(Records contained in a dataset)
--------------------------------------------------

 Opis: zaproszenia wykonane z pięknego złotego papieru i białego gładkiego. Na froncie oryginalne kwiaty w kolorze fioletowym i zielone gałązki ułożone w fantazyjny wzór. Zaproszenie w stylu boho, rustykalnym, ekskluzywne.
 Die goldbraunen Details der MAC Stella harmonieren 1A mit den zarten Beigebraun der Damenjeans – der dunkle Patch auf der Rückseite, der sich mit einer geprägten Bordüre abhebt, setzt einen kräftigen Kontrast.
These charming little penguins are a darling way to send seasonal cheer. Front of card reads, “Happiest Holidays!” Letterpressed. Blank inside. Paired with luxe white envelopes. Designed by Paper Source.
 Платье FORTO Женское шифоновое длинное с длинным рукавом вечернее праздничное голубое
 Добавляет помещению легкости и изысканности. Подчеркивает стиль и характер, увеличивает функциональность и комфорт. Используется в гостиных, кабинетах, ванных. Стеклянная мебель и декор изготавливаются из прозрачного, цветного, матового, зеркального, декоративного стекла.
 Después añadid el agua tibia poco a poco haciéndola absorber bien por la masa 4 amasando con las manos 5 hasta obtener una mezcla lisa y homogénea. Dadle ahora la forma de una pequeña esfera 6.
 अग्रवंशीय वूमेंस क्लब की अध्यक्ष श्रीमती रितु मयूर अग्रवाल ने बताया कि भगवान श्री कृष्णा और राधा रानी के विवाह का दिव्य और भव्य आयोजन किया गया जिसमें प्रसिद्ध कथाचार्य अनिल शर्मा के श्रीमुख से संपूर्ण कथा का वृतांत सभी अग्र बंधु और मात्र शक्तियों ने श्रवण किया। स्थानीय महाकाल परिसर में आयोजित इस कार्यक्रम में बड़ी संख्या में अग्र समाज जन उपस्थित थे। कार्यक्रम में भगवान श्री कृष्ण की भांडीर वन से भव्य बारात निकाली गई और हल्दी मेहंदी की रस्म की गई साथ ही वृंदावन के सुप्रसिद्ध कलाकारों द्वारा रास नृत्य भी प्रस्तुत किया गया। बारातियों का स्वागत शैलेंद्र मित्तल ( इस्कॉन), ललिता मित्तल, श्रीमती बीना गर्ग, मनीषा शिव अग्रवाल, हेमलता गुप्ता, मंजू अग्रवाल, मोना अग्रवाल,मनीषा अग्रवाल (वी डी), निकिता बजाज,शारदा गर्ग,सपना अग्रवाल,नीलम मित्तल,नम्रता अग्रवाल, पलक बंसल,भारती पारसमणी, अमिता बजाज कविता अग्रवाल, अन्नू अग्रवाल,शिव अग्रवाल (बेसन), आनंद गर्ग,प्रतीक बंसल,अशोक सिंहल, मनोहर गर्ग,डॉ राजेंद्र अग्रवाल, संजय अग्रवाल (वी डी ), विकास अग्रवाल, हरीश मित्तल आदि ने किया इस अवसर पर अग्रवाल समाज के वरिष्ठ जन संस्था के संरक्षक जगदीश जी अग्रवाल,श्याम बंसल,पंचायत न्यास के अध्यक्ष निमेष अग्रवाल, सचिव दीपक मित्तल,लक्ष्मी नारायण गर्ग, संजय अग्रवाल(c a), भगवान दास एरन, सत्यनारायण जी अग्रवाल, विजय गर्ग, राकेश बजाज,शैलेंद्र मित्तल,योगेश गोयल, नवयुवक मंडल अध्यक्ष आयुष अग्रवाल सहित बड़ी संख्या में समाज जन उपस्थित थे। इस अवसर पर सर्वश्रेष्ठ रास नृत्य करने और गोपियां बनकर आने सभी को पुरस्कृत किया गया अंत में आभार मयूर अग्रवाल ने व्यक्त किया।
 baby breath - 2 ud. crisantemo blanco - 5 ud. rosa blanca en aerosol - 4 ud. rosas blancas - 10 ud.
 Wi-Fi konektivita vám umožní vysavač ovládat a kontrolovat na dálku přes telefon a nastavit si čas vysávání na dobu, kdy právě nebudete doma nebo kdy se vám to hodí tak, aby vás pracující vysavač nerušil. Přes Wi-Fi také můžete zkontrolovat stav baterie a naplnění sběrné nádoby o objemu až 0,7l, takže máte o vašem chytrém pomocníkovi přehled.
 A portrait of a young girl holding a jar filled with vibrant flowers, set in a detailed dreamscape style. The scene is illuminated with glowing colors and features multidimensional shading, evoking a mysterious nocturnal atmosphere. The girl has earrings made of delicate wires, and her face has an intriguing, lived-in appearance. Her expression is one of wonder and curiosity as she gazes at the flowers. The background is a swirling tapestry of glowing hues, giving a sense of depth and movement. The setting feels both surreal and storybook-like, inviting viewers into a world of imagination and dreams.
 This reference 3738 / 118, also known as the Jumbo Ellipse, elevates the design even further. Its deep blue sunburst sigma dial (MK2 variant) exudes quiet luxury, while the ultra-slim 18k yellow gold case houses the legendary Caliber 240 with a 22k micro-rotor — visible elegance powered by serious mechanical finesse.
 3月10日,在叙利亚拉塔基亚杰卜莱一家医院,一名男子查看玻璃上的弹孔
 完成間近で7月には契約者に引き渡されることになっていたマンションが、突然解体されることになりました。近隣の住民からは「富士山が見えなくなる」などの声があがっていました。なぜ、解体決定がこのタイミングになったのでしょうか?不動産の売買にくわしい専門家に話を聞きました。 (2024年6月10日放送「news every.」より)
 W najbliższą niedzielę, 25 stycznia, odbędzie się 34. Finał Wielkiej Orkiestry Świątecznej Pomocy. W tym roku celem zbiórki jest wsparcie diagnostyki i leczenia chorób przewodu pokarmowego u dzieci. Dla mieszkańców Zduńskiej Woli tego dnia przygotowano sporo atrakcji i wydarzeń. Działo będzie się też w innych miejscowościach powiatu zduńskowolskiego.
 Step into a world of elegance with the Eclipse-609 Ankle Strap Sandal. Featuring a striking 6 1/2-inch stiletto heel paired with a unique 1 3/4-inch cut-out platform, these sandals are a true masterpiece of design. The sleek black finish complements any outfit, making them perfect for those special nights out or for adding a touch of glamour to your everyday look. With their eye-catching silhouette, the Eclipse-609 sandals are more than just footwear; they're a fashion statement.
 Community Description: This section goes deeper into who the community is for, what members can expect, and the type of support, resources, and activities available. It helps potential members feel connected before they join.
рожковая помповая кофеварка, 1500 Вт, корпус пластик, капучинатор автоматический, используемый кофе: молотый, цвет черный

--------------------------------------------------

PROBLEM DESCRIPTION:
The lines to return begin at the first line of the records and end at the line holding "Платье FORTO Женское"; please return them exactly, including both, and nothing beyond.

ANSWER SPACE:
 Opis: zaproszenia wykonane z pięknego złotego papieru i białego gładkiego. Na froncie oryginalne kwiaty w kolorze fioletowym i zielone gałązki ułożone w fantazyjny wzór. Zaproszenie w stylu boho, rustykalnym, ekskluzywne.
 Die goldbraunen Details der MAC Stella harmonieren 1A mit den zarten Beigebraun der Damenjeans – der dunkle Patch auf der Rückseite, der sich mit einer geprägten Bordüre abhebt, setzt einen kräftigen Kontrast.
These charming little penguins are a darling way to send seasonal cheer. Front of card reads, “Happiest Holidays!” Letterpressed. Blank inside. Paired with luxe white envelopes. Designed by Paper Source.
 Платье FORTO Женское шифоновое длинное с длинным рукавом вечернее праздничное голубое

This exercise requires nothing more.